If you would like to play around a bit more below are all the arguments listed for hadoop-examples.jar:

aggregatewordcount: An Aggregate based map/reduce program that counts the words in the input files.
aggregatewordhist: An Aggregate based map/reduce program that computes the histogram of the words in the input files.
dbcount: An example job that count the pageview counts from a database.
grep: A map/reduce program that counts the matches of a regex in the input.
join: A job that effects a join over sorted, equally partitioned datasets
multifilewc: A job that counts words from several files.
pentomino: A map/reduce tile laying program to find solutions to pentomino problems.
pi: A map/reduce program that estimates Pi using monte-carlo method.

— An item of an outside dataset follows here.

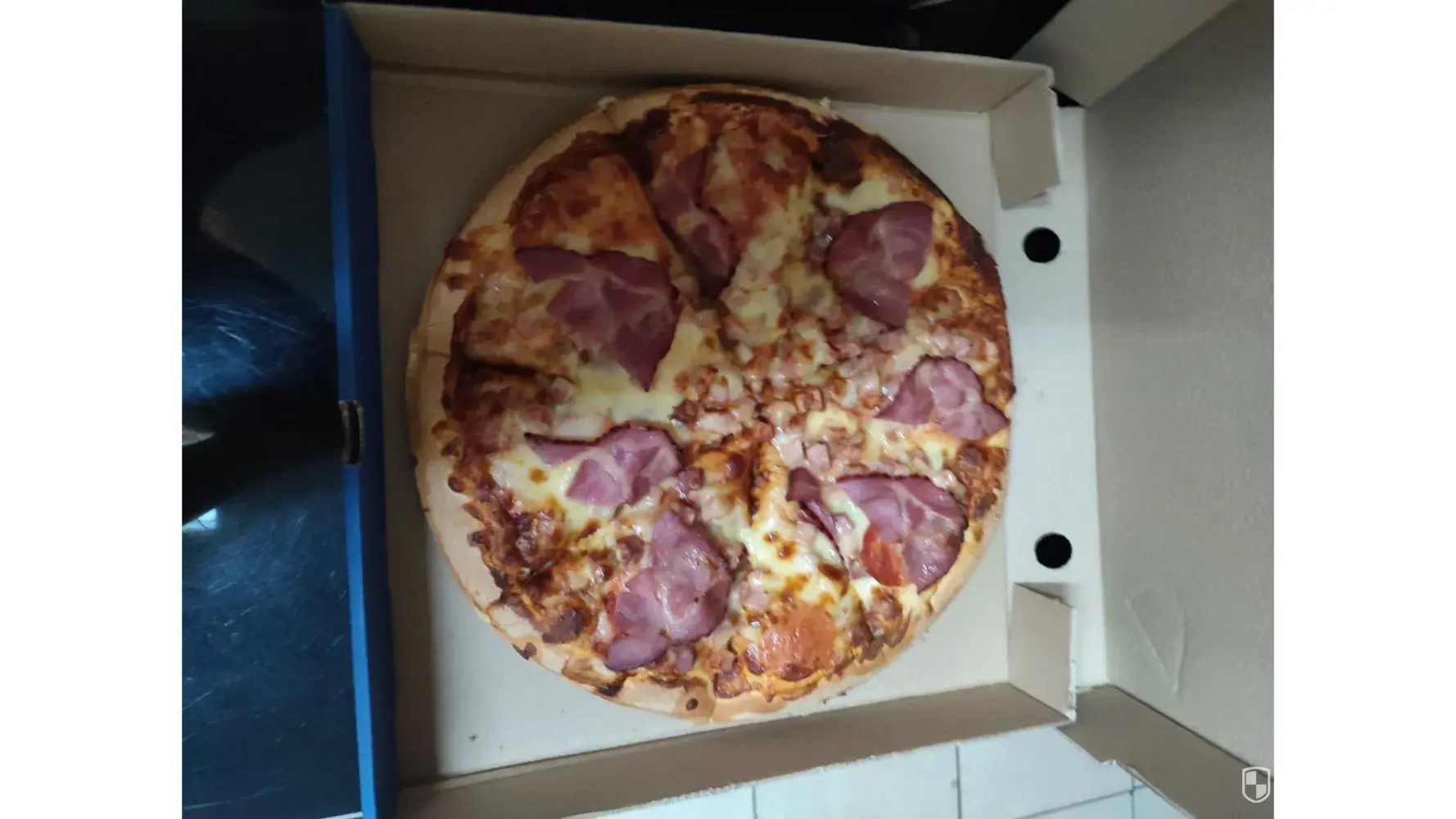 12:50 the delivery guy arrived and when he got here the card machine didn't want to work. He left the pizza and went to fetch another machine.

randomtextwriter: A map/reduce program that writes 10GB of random textual data per node.
randomwriter: A map/reduce program that writes 10GB of random data per node.
secondarysort: An example defining a secondary sort to the reduce.
sleep: A job that sleeps at each map and reduce task.
sort: A map/reduce program that sorts the data written by the random writer.
sudoku: A sudoku solver.
teragen: Generate data for the terasort
terasort: Run the terasort
teravalidate: Checking results of terasort
wordcount: A map/reduce program that counts the words in the input files.